Start of Stored data
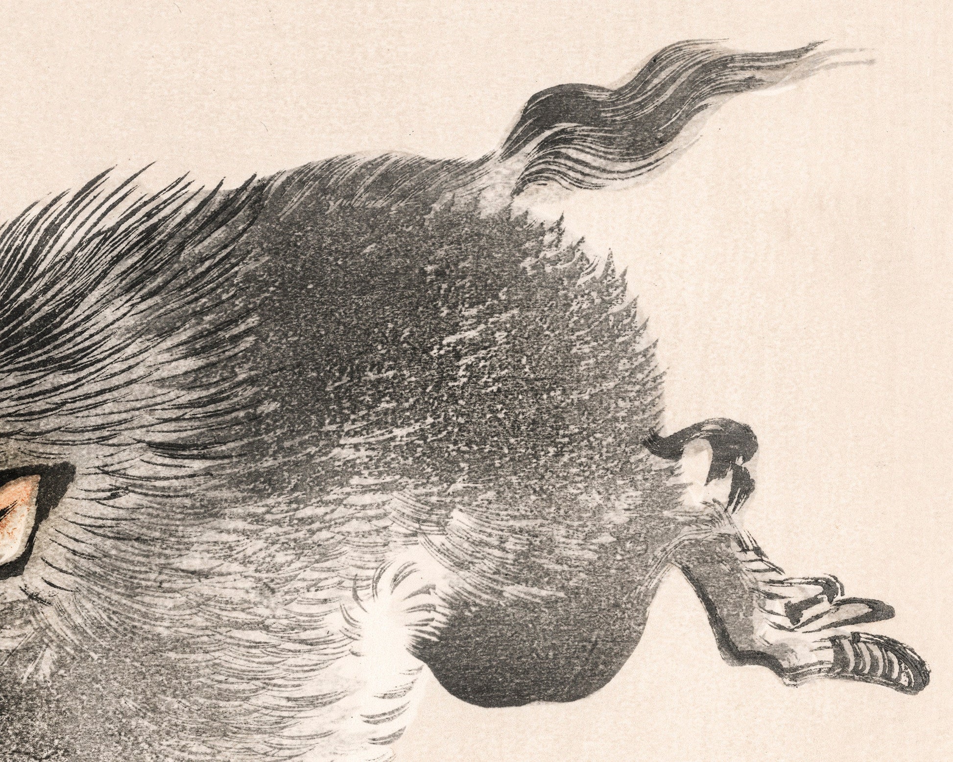 Impresión artística vintage de lobo japonés | Bloque de madera Kōno Bairei | Arte mural de animales salvajes | Lobo sonriente corriendo | Arte moderno y minimalista | Arte animal asiático
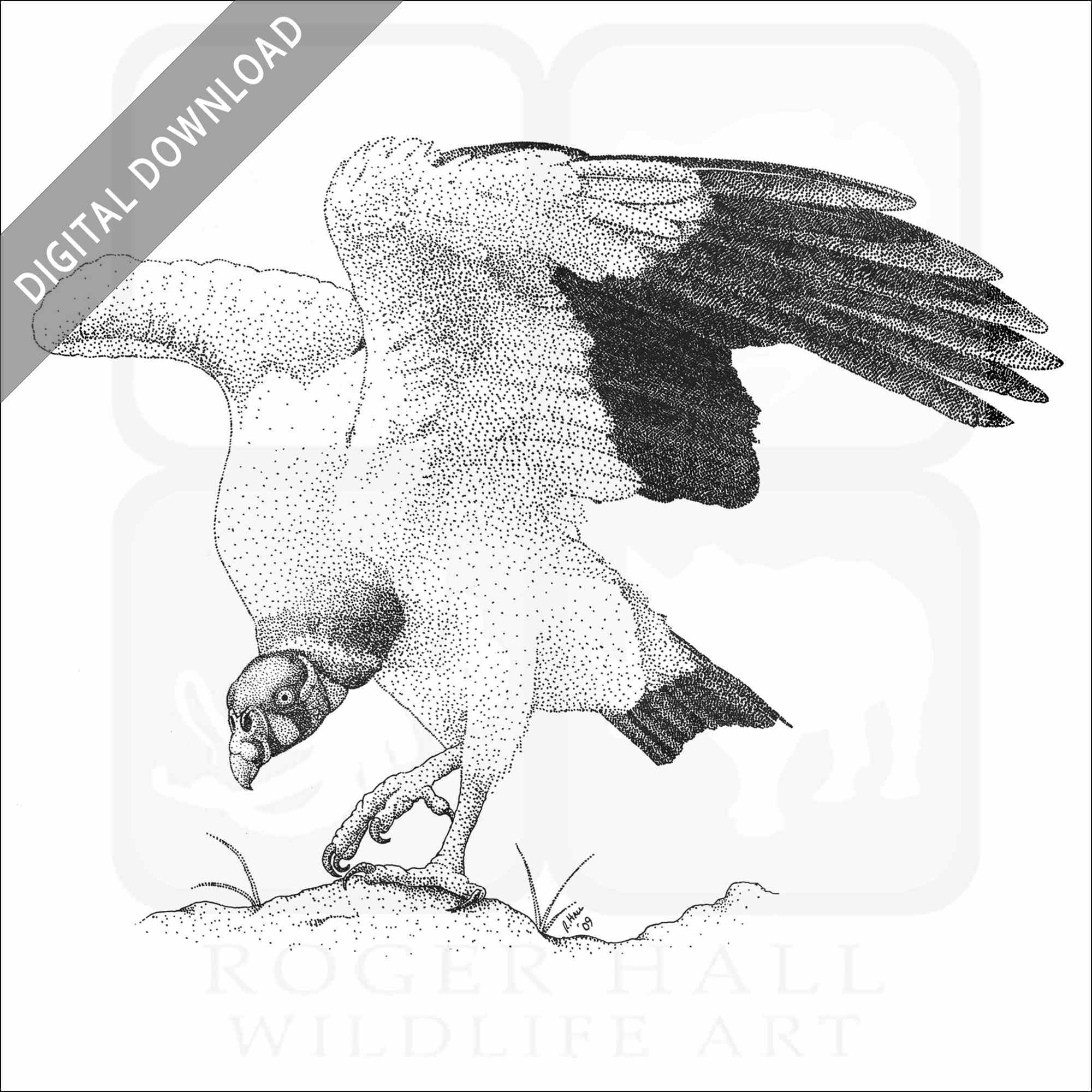 Stock art illustration of a King Vulture (Sarcoramphus papa.) The illustration is available in black and white or color for immediate download.
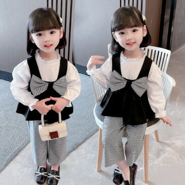 キッズ リボンフリルベストブラウス チェックパンツ 上下セットアップ フォーマル 女の子 ブラウス ショートスカート おしゃれ ガールズ ファッション ジュニア 春 夏 秋 幼稚園 韓国子供服 韓国こども服 春 アウター 90cm 100cm 110cm 120cm 130cm chuchubebe chuset0006
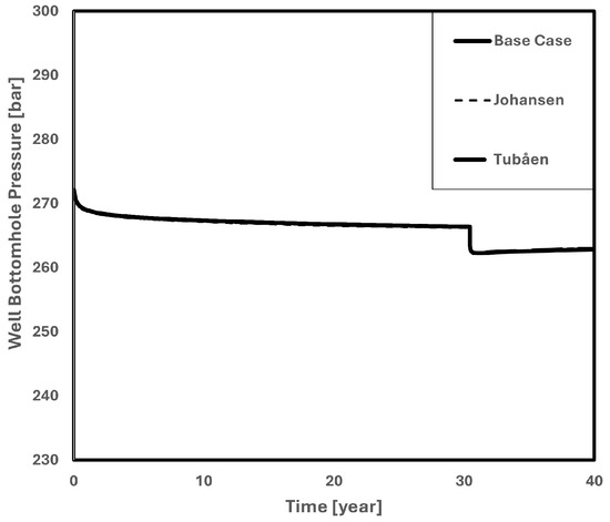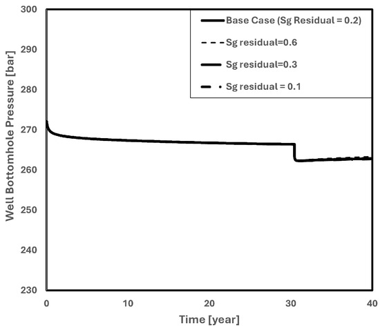 Given that the injection pressures in each of the various saturation instances are almost equal, Figure 25 provides further evidence that the well bottom-hole pressure in the reservoir model is not sensitive to residual gas saturation.
End of Stored data
# [Problem]
The lines from the one containing "Stock art illustration" through the final line of the data are to be repeated exactly, with both ends included and all pictures left out.

# [The completed task]
 Stock art illustration of a King Vulture (Sarcoramphus papa.) The illustration is available in black and white or color for immediate download.
 キッズ リボンフリルベストブラウス チェックパンツ 上下セットアップ フォーマル 女の子 ブラウス ショートスカート おしゃれ ガールズ ファッション ジュニア 春 夏 秋 幼稚園 韓国子供服 韓国こども服 春 アウター 90cm 100cm 110cm 120cm 130cm chuchubebe chuset0006
 Given that the injection pressures in each of the various saturation instances are almost equal, Figure 25 provides further evidence that the well bottom-hole pressure in the reservoir model is not sensitive to residual gas saturation.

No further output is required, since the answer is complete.